It may not come in so dramatic a way as the above, although that's been known to occur, yet it is the same principle of dominance I see each and every time a new story is in its birthing stages. It's a still and quiet presence or an image, the inkling of a scene or a feeling which holds in the air and for a moment, I am dragged to that suspended wisp from my work in progress to consider it. It's enough to catch my attention, however momentarily, before I go back to the work at hand.
That introduction is necessary, too. If not for the early awareness of him, my subconscious would not begin to fester with the germs of a plot specifically tailored to that hero. But whether it be days or weeks, the plot does come forth. It carries the sense of certainty that it is his plot. To ignore it would be unwise and unbelievable in its development.
Generally I hang on as the rest unfolds. I type what is seen in my mind and because I met him earlier, because I had that chance to get a feel for his personality without his saying a word, because I know him, I know what he would and would not do. I believe this to be the key. In developing a character, you must first know them. Otherwise you are discovering them as the reader does and subject to inconsistencies in behavior and plot.How do I design a hero? I don't.
He designs himself and I simply listen.
Video of note: Want to laugh? Rassles, I specifically think you will enjoy this. Click this link and scroll to the video box on Bronwyn Green's blog. Bonnie Tyler like you've never seen her. Beverage warning.
Monday, July 13, 2009
As acid on the skin
I went swimming at a friend's pool. Cloud cover and rain would have suggested this a bad idea, except I was determined to enjoy myself. Swimming in the rain is a pleasure, by the way, unless you get electrocuted. Then I can't imagine it would be. But during the spots of only moderate cloud cover, I acquired more than my share of sun on my legs. Now there is pain.

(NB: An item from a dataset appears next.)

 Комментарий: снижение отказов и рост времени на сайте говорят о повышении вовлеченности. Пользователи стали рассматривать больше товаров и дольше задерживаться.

Other shit: She's Got Balls is winding down. I expect to finish it today, fix it up and format the thing and turn it in to my editor. Then it's on to the next project. It's as yet untitled. I would imagine the appropriate words will come to me when I need them. Let's hope, shall we?

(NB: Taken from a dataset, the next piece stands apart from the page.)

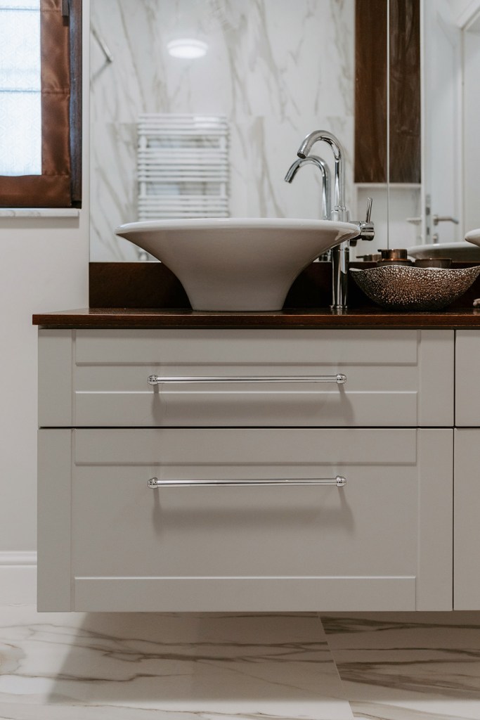 Singura dificultate cu care Raluca s-a confruntat a fost dressingul prea mic pentru nevoile familiei. „Am reușit să optimizăm mobilierul, astfel încât să ofere cât mai multe soluții de depozitare pentru haine și încălțăminte”, spune ea. Poate că acesta a fost motivul pentru care cea mai mare parte din buget a fost alocată mobilierului realizat la comandă.

Other-er shit: I'm re-reading a book by Bronwyn Green in my free time. She has a unique ability to capture emotion and distill it into a near-tangible mist, substantiating it for the reader in new ways. Kudos Ms. Green.

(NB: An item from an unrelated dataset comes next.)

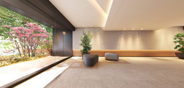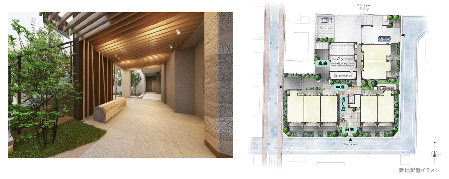 空に浮かぶ雲のようなランダムなデザインを取り入れることで、個性的で清々しい外観を形成。エントランスや共用部では、地層をイメージしたウォール、天然の石が敷かれたような雰囲気を生む天然の石を使用した床面など、外の自然を引き込むようなデザインを採用。前庭・通り庭・中庭・奥庭の4つの庭が住まいに奥行きとやすらぎを与え、自然と調和した落ち着きのある住環境を実現しています。

Note to self: "Mia, find the aloe, apply liberally. Under no circumstances are you to wear hosiery or slacks to work today."
Wednesday, May 13, 2009
I HAVE A LOVE AFFAIR WITH BLOCK QUOTES EVEN THOUGH I TRULY HATE THE SPACING ISSUES
I've begun Mind F*cked. Only six hundred words in and my internal editor has begun yapping. Meanwhile, I received an email from one of my publishers that edits will arrive in my inbox within minutes. Which is where I suddenly remember that, oh yes, I have a release out next Tuesday.
Technically, Sex Ed is part of the Hot for Teacher anthology along with stories by Bronwyn Green, Brynn Paulin, and Cara Hart, though they'll be sold separately. All release on the 19th and all get bound together for print publication in ninety days with a completely different cover. My recommendation, if you care to hear it, is to purchase the individual story you wish to read thus keeping your expense low. Preferably mine if you must choose. Ideally, all as they are well written jewels of creative effort.
The blurb looks something like this:
Mina Lasky has a pesky crush on Biology professor, Derek Link. They’ve worked in tandem in the same University facility long enough that even the sound of his voice makes her hot. It’s time to put the fantasy to an end. Mina signs up to be his guinea pig in a female sexuality lab for those on the doctorate track. She hopes to work Derek out of her system while enjoying some much needed sexual stimulation.
Dr. Derek Link has been itching to get his hands on the quiet, sexy Chemistry professor. He can’t believe his luck when she signs up to be his lab. But one night isn’t enough and Mina won’t admit they can have something a lot more long term.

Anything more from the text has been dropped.